Before execution, check these conditions and call them out clearly:

  • --device accepts one or more hardware profiles. Multiple profiles should be passed as space-separated values, for example --device A B C, and the run will produce cross-hardware summaries.
  • In multi-hardware runs, one shared --num-devices is used for every hardware profile; verify that every profile can model that device count when the repository exposes profile metadata or validation errors.
  • --enable-optimize-prefill-decode-ratio cannot be combined with --disagg.
  • PD ratio mode requires both --prefill-devices-per-instance and --decode-devices-per-instance.
  • Any explicit TP, EP, or MOE-DP size must not exceed --num-devices in the relevant phase.
  • --batch-range must be [max] or [min max] with positive integers and min <= max.
  • --prefix-cache-hit-rate must be in [0, 1).
  • --num-mtp-tokens must be a positive integer when MTP is enabled.
  • --mtp-acceptance-rate values must be in [0, 1] and should reflect user-provided or explicitly labeled assumptions.
  • In aggregation mode, --max-prefill-tokens must not be smaller than the effective input length after applying prefix cache.
  • If the user provides both TTFT and TPOT in disaggregation mode, explain that the tool will run both Prefill and Decode optimization separately.

Execution Pattern

When the user confirms execution:

  1. Print the exact command you will run.
  2. Run it from the repository root when the repo is available.
  3. Capture combined stdout and stderr.
  4. If needed, use scripts/extract_throughput_optimizer_result.py to convert the raw output into structured JSON.
  5. Return a concise summary with:
  • mode
  • best parallel strategy
  • batch size
  • concurrency
  • throughput
  • TTFT
  • TPOT
  • cross-hardware comparison rows when multiple hardware profiles are present
  • top candidate rows when available
  • PD ratio details when available

Result Summary Requirements

After a successful run, always include:

  • the executed command
  • a short best-result summary
  • a cross-hardware comparison summary when multiple hardware profiles were evaluated
  • a compact top-candidates summary when the table is present
  • this disclaimer, or a very close paraphrase: These results come from throughput modeling and are for deployment planning reference only.
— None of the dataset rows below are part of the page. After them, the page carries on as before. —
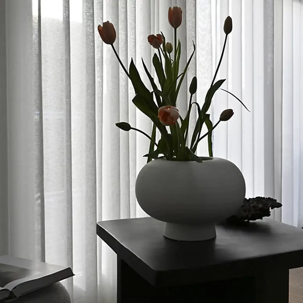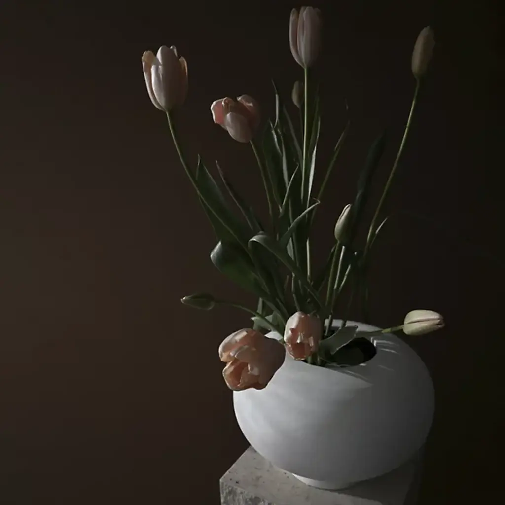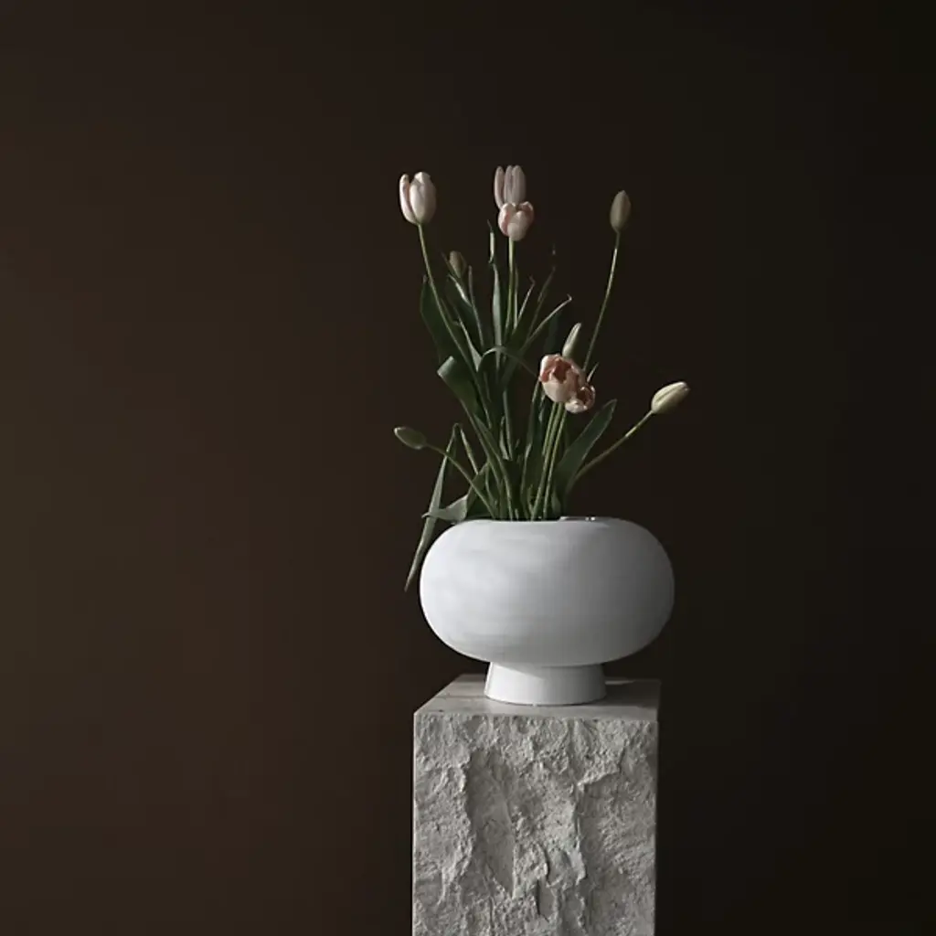 The Kabin Fat Vase from 101 Copenhagen matches the minimalism of Japanese design to the simplicity of Scandinavian character. A design collaboration between Kristian Sofus Hansen and Tommy Hyldahl, each vase is handcrafted from ceramic and draws inspiration from traditional Japanese tea bowls. It features a refined oval body perched on a small pedestal. The minimalist design creates stability and elegance, making it a perfect centerpiece, while each vase includes a protective bag for fresh flowers, accommodating its non-waterproof nature.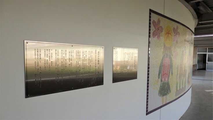 タイル壁画横の銘板には5万円以上ご寄付をいただいた方の中で、ご希望のあった方のお名前を掲載させていただきました。その横には記念曲「君だけの物語」の歌詞もプレートにして残しました。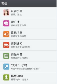 凡客也在自己的微信公众号上做智能客服的事情,比如会开辟“凡客小薇”、“货到通知”、“商品问答”、“大话一小时”等新栏目(见下图),鼓励用户拿起微信与凡客沟通。比如,你购买的衣服到货之后,凡客小薇会发来消息说,你要不要拍照或者语音分享一下对新衣服的感觉,而系统会自动关联到这件商品上,完成晒单与评价的流程。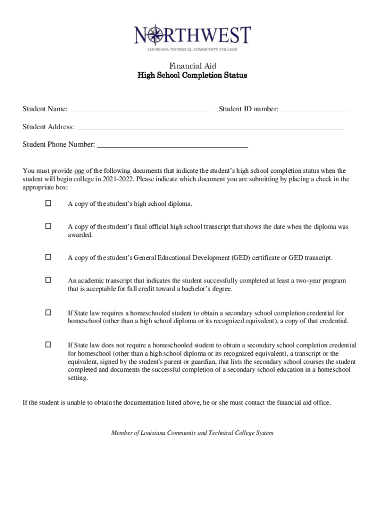 High School Completion StatusStudent Name: ___ Student ID number:___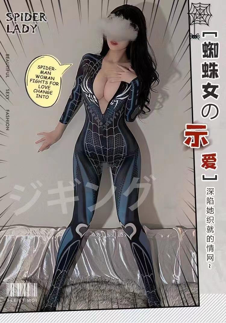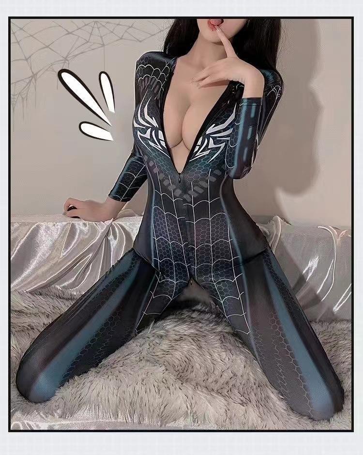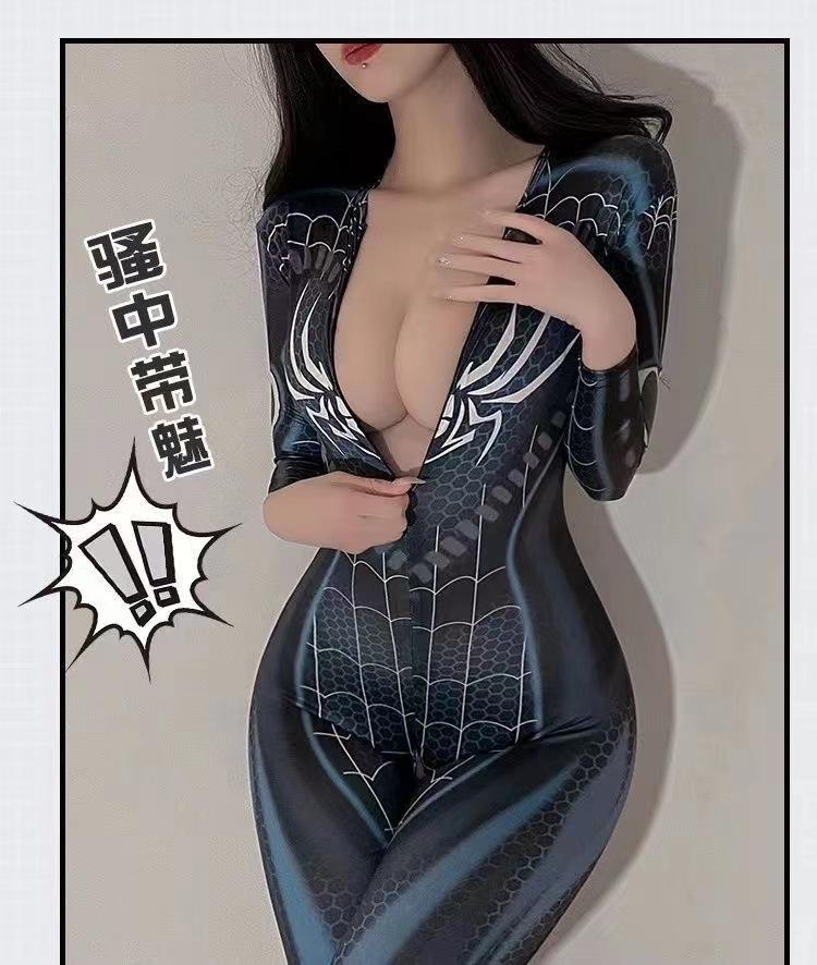 Cosplay Spider-Man Uniforme Sexy Alta Elasticidad Tentación Abierto Sin Equipo Mono Ajustado Mujeres Apasionadas

Actual performance depends on runtime, topology, software stack, and real traffic patterns, so validate with real workload testing before final deployment decisions.

Failure Handling

If execution fails:

  • show the command
  • show the important error lines
  • explain whether the failure is due to invalid parameters, environment issues, or model/device assumptions
  • propose the smallest useful correction instead of restating the full questionnaire

Result Explanation Handoff

If the user asks whether optimizer results are reasonable, why two hardware targets differ, how Cube/Vec/Comm/Mem explains the result, or how a best row maps to text_generate validation, use the throughput-optimizer-explainer skill instead of expanding this execution skill.